China has decided to draw 300 million yuan ($40 million) of lottery funds to support 300,000 poor senior high school students in 22 western and central provinces and regions, sources with the Ministry of Education said here Friday.

"It is the first program in which the Chinese government gives financial support to senior high school students," said Zhang Baoqing, former vice minister of Education and executive director of the China Education Development Foundation.

The foundation, a non-profitable organization, was entrusted to implement the program.

Each student to receive subsidy will undergo a strict approval procedure to ensure they are qualified and the final name list will be made public to ensure the transparency of the program, Zhang said.

The fund will go directly to the schools and be handed over to each student.

The Ministry of Education will strive to enable each eligible student to get their money at the Spring Festival, a traditional Chinese festival which falls on February 7 next year.

China has made unprecedented efforts to boost education at all levels in the past year, as the central government put in more than 30 billion yuan to financially support four million college students and 16 million occupational school students.
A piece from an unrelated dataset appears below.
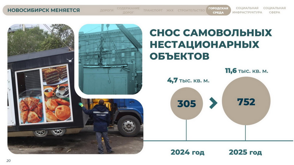 Наводим порядок в отношении незаконных нестационарных объектов, которые вызывают справедливые нарекания жителей. В 2025 году было демонтировано более 750 таких сооружений, что в два раза превышает показатели предыдущего года. В этом году работа будет продолжена. Готовы убирать с улиц города и нестационарные объекты, которые не соответствуют установленному архитектурному облику. Средства на это предусмотрены.

China exempted rural students in western regions from compulsory education fees in 2006 and the exemption policy was expanded to the central and eastern regions in 2007. A total of 150 million rural Chinese students in primary and junior high schools nationwide have benefited from this policy.

The government will exempt all students in urban areas from tuition fees for their nine years of compulsory education from next year

Sun Guangqi, a senior official with the Ministry of Finance, said the program will open up new channels to allocate money to support poor students.

Statistics showed that China has 25 million high school students, among whom 16.86 million live in western and central China.

Chen also said the central government will increase educational input to increase accommodation subsidies for needy students and to repair  ramshackle classrooms in central and western areas.

Earlier this year, China's Ministry of Finance said it would allocate a further 47 billion yuan ($6.27 billion) to support rural education in the next three years until 2009.